Re: Condition pushdown: why (=) is pushed down into join, but BETWEEN or >= is not? - Mailing list pgsql-hackers

From Tomas Vondra
Subject Re: Condition pushdown: why (=) is pushed down into join, but BETWEEN or >= is not?
Date
Msg-id 1642f540-badc-ef36-5d24-465f3ccb3343@enterprisedb.com
Whole thread Raw
In response to Re: Condition pushdown: why (=) is pushed down into join, but BETWEEN or >= is not?  (Andy Fan <zhihui.fan1213@gmail.com>)
Responses Re: Condition pushdown: why (=) is pushed down into join, but BETWEEN or >= is not?
List pgsql-hackers
Hi,

there's been an interesting case [1] of a slow query on pgsql-general, 
related to the topic discussed in this thread. It causes an order the 
query to run slower by multiple orders of magnitude, and I think it's 
interesting, so let me present a simple example demonstrating it.

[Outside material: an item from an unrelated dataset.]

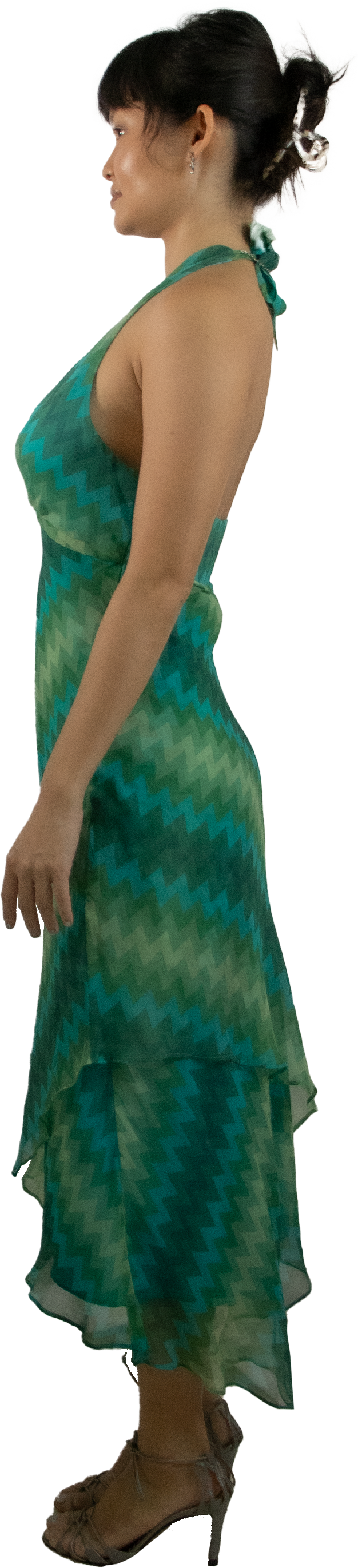 Nothing gets more Y2K than a zigzag patterned halter dress. Crafted from silk, this gorgeous green hue reminds us than our ultimate Y2K queen Jennifer Lopez!

------------------------------------------------------------------------
create table t1 (a int);
create table t2 (a int);

insert into t1
select i from generate_series(1,100000) s(i);

insert into t2
select mod(i,100000) from generate_series(1,10000000) s(i);

create index on t1(a);
create index on t2(a);

vacuum analyze t1, t2;

-- we need to force mergejoin
set enable_nestloop = off;
------------------------------------------------------------------------

Now, let's run a simple query:

SELECT t1.a, t2.a FROM t1 JOIN t2 USING (a)
  WHERE (t1.a > 99000) ORDER BY t1.a LIMIT 100;

                               QUERY PLAN
------------------------------------------------------------------------
  Limit  (cost=4.63..224.57 rows=100 width=8)
         (actual time=8999.487..8999.707 rows=100 loops=1)
    ->  Merge Join  (cost=4.63..209447.97 rows=95226 width=8)
                    (actual time=8999.485..8999.620 rows=100 loops=1)
          Merge Cond: (t1.a = t2.a)
          ->  Index Only Scan using t1_a_idx on t1
              (cost=0.29..29.25 rows=969 width=4)
              (actual time=0.010..0.011 rows=1 loops=1)
                Index Cond: (a > 99000)
                Heap Fetches: 0
          ->  Index Only Scan using t2_a_idx on t2
              (cost=0.43..183464.09 rows=9999977 width=4)
              (actual time=0.026..4594.757 rows=9900200 loops=1)
                Heap Fetches: 0
  Planning Time: 0.338 ms
  Execution Time: 8999.768 ms
(10 rows)


Now, let's do a simple trick and add condition on t2.a, "implied" by the 
join condition (t1.a = t2.a) and inequality (t1.a > 99000).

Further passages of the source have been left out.